He pushed a half-fallen locker to create a bottleneck, blocking easy retreat paths. If they came after him, they would come single file. Easy to break.

Above a collapsed arch, he pried loose a slab of broken tile, balancing it precariously. A touch to the wrong beam, and the ceiling would fall.

"Traps are not for the ones who see," Mara murmured in his thoughts. "They are for the ones who chase without looking."

He placed jagged metal plates behind a bend, then soaked the floor ahead of them until it gleamed slick and treacherous.

It was slow work, meticulous work. The kind of cruelty that built survivors, not heroes.

Mara would have approved.

"Every second you steal from them is a second longer you get to live," she said. "It is a second they bleed trying to catch you, my silly little Rabbit."

He wove razor-thin strands of copper wire between twisted stair railings, invisible at a glance but deadly to a neck or hand.

He pressed old nails through the soles of discarded boots and left them half-buried at choke points.

"Always remember," Mara whispered, "pain is a language. Speak it clearly."

The Red welcomed his work. It did not flinch. It did not warn.

Warren moved deeper, crafting his killing field one silent snare at a time.

He mapped the traps in his head as he went, marking the danger zones with small, almost invisible signs: a shifted stone, a bent piece of pipe.

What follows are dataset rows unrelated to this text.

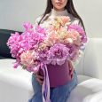 Корзина розовых куст. роз с гипсофилой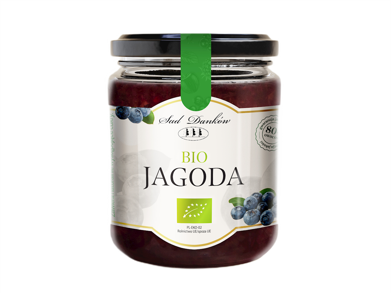 100 g produktu sporządzono z 80 g owoców. Produkt pasteryzowany otrzymany przez odszypułkowanie owoców jagód z dodatkiem koncentratu jabłkowego w celu otrzymania odpowiedniego poziomu pH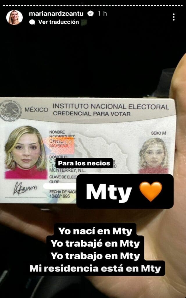 La titular de AMAR a Nuevo León publicó en sus historias de Instagram su credencial de elector para demostrar que su domicilio se encuentra en el municipio en el que busca ser alcaldesa.

Mara's lessons were not just about death. They were about control. About forcing the enemy to fight where you had already won.

"The first cut does not kill," she had told him once, sitting cross-legged on a rooftop as they watched the streets below. "The first cut changes the shape of the fight."

He remembered her hands: scarred, steady, wrapping wire around a beam without even looking.

He remembered her voice: warm and calming, yet full of weight, like every word was a stone meant for building something that could not be knocked down.

"They will rush you," she had said. "They will think they are strong because they move faster. Let them believe it. Let them run right into their own ending, Rabbit."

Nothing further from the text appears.